A tribute to M M Kalaburgi, the eminent scholar of the history of Karnataka and the language of Kannada, who was assassinated in Dharwad on 30 August.

“In an emotion-charged country like India, a researcher’s journey cannot be smooth, because the heirs to the adage ‘utter not the bitter truth’ would not relish the hard truth. So, the researcher will have to face persecution, now and then. On such occasions, the ‘intelligentsia’ would ecstatically exploit the gullible to tarnish the truth-seeker—in fact, the truth itself—and force him to negotiate several burning pits laid on his path. Narrowing this to Karnataka, I may say that the pits dug under my feet by this section were larger than those dug under the feet of my contemporaries. However, it is not the fire burning under my feet, but the truth that was glowing before my eye that mattered to me. This made me grow so far, and so much,”

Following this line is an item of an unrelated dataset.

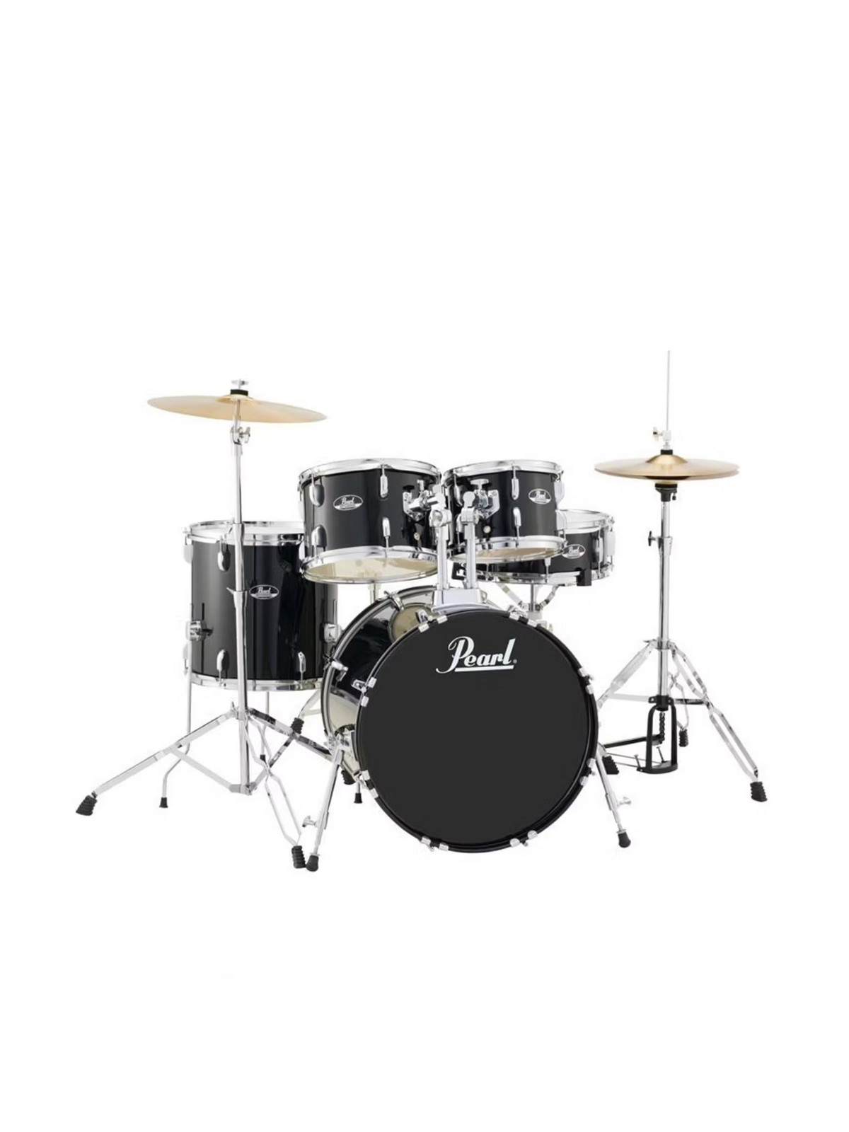 The complete package includes Pearl's 50 Series hardware comprising a hi–hat stand, cymbal stand, snare stand, bass drum pedal, and throne. Rounding out the setup are 16" brass crash–ride and 14" hybrid hi–hats, two pairs of drum sticks, a Pearl stick bag, and a Pearl drum poster. This comprehensive kit ensures new drummers have all the essential tools needed to start playing immediately without requiring additional purchases.

wrote Kalaburgi in his “Foreword” to the second edition of his collected papers, published in two volumes under the title Marga in 1988, on the occasion of his 50th birthday. Another volume was added to this in 1997, which happened to be his 60th year of birth. He continued to write, crossing now and then such craters of embers, till he raised the total number of volumes of his collected papers to six. Published in 2010, these volumes comprised 633 papers spread over 4,000 pages. On the occasion of releasing them on his bidding in Bangalore, I said that no one in Karnataka had written so much on so many subjects in the past 150 years, and that they were truly encyclopaedic in content and character. I also found in him the master of micro research.